Australian citizens may give up or renounce their citizenship under the following circumstances:

  • they are a citizen of another country; or
  • are entitled to become a citizen of another country.

Alternatively, a person may lose their citizenship if they had become a citizen of another country before 4 April 2002; or the person’s citizenship has been revoked; or a responsible parent or parents have ceased to be citizens when the person was still a minor, and the Minister has revoked their citizenship status.

A person may also give up their citizenship if they are a citizen of another country, or have become a citizen of another country when they have renounced their Australian citizenship.

Under what circumstances can an Australian citizenship be revoked?

The Minister can take away or revoke a person’s citizenship under the provisions found under the Australian Citizenship Act 2007 (Cth). However, the Minister cannot take away or revoke a person’s citizenship if they are an Australian by birth, or citizenship has been conferred, and the Minister is satisfied that it would not be against the public interest for a person to remain a citizen.

The Minister will revoke a person’s citizenship if they are satisfied that it would be against the public interest for the person to remain a citizen on some of the following grounds:

  • the person has been convicted of making a false statement or false representation or they have produced a false document in relation to their application to becoming an Australian citizen;
  • the person has been convicted of a serious criminal offence at any time prior to becoming a citizen which had resulted in a sentence of death or 12 months or more;
  • the person became an Australian citizen resulting from migration fraud;
  • the person became an Australian citizen resulting from third party fraud such as fraudulent conduct by a migration agent in the application for citizenship.
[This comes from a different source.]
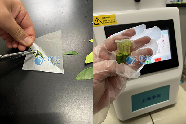 實(shí)驗(yàn)器材:上海凈信全自動(dòng)樣品快速研磨儀主機(jī),柑橘葉脈1克,5M不銹鋼珠2顆,2ML研磨管

Under the provisions of the Migration Act 1958 (Cth), a person who has their citizenship status revoked while in a migration zone, will then become a holder of an ex-citizen visa. The person may remain in Australia unless the Minister makes the decision to cancel the ex-citizen visa on the basis that the person is not of good character. If the Minister deems the person is of not good character, their ex-citizen visa may be cancelled, and they will be removed from the country. Upon leaving Australia, the person can no longer enter the country on an ex-citizen visa.

A child under the age of 18 years may lose their citizenship status if their parent or guardian has had their citizenship revoked. However, the child will not lose their citizenship if another parent is an Australian citizen, or in circumstances where the child will be deemed to be stateless.